None of that really matters, I know. The real star of this movie is the earthquake! The doggone thing goes on for about eight minutes and fifteen seconds, not counting the aftershocks. (I looked it up and learned that a 9.0 earthquake could indeed run somewhere between eight to ten minutes.) In the film it seemed excruciatingly long. A new sound system was developed for the release of this film—a system that literally shook the theater to simulate an actual earthquake! It even cracked the plaster when EARTHQUAKE was screened at the Grauman's Chinese Theater in Hollywood. I couldn't help but wonder what sonic effect the system would produce every time Ava Gardner snapped her wig.
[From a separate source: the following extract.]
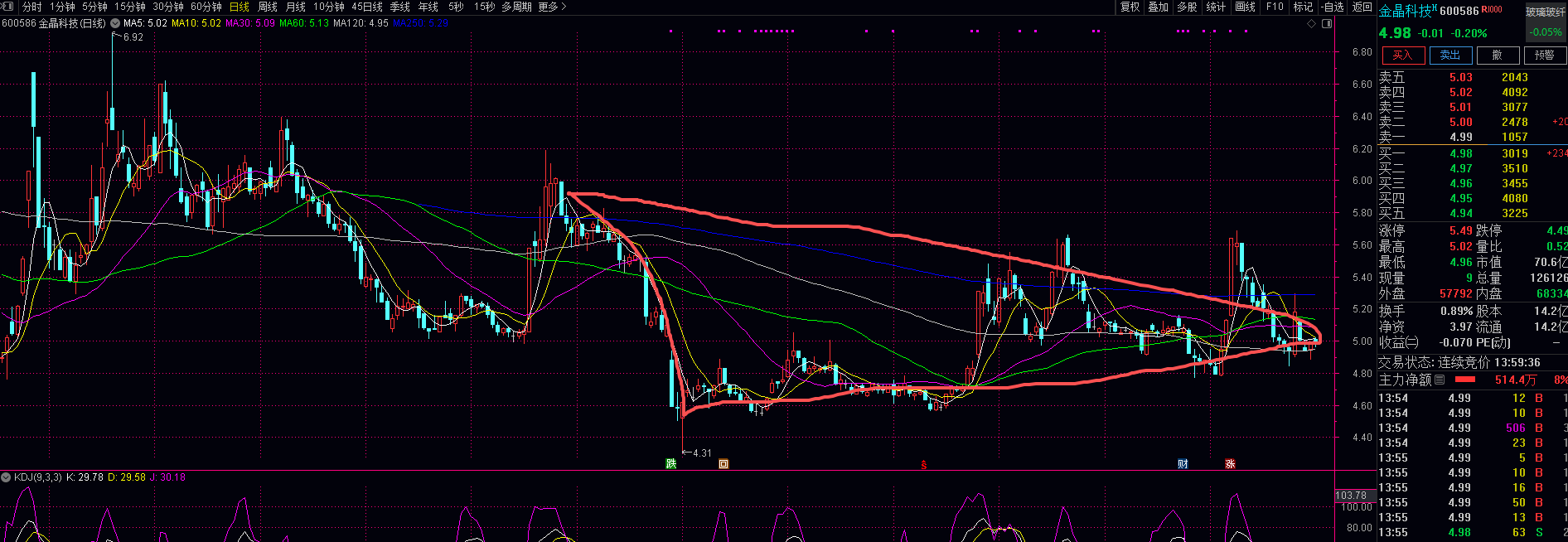 金晶科技这两天控盘控得不错,再控两天就差不多了。反正不需要大幅拉升或者大幅下跌,控在120天之上可以了。

During this 8-plus minutes of shaking, we see lots of people who were formerly indoors go running outside into the downtown streets of Los Angeles, where they are then conked on the head by falling chunks of cement or by deadly shards of glass from atop the city's buildings. Seismologists race toward bookcases which proceed to fall upon them; we see Geneviève's innocent young son on his bike as he is thrown into an irrigation canal and is then in urgent need of rescue; we see a truckload of cows go careening over the side of a freeway ramp; we watch as the famous Capitol Records building is slowly reduced to rubble...and we see the Mulholland Dam begin to crack. All of this is very exciting. 

 
[ Los Angeles in EARTHQUAKE ]

The aftermath of the quake is peppered with aftershocks, and we see both the best and the worst of humanity on display. The best: George Kennedy redeems himself after destroying Zsa Zsa's shrubbery by organizing survivors to assist the townsfolk who are trapped under rubble. The worst: Looters! Well, three of them...and they're hippies. You would probably assume that LA. looters would have a  bunch of car stereos or maybe even cold hard cash stashed in their looters' suitcase, but actually it seems they've raided the jewelry case at Granny's Attic Thrift Store. Their case is filled to capacity with strings of pearls and brooches! The looters are subsequently shot dead by Gortner, who has been called to civilian patrol duty and is now wildly drunk with his newfound power. The scene is preposterous, even by this script's exceedingly low standards, and would have been better left on the cutting room floor.

 
[ Looters' booty in EARTHQUAKE ]

A special shout-out goes to Monica Lewis, who plays Barbara, the office secretary to bosses Charlton and Lorne. She is monumentally dedicated to her work, even when disrespected by her male colleagues in times of extreme crisis. First she is shoved out of the office elevator when trying to escape the quake with the others (this actually turns out to be a good thing); then when the stairwell comes to an abrupt end and they need something elastic to use as a makeshift seat-belt for the office chair they'll be lowering to evacuate people to relative safety below, Lorne screams at her (yet again?), "Barbara! Take off your pantyhose, damn it!" Once they've finally lowered the ailing Lorne Greene to safety, Charlton's mind turns to his mistress. He's concerned about her, sure, but he's just not accustomed to making these types of phone calls for himself. After all, that's what secretaries are for. "Barbara! Do you know Denise Marshall?" (yes) "See if you can get to a phone; find out if she's alright!" Barbara asks the obvious, since even the stairs are currently out of order: "Are the phones working?" Charlton: "Try! Please!!" "Okay," Barbara answers breathlessly as she dashes off to find a phone. Poor Barbara.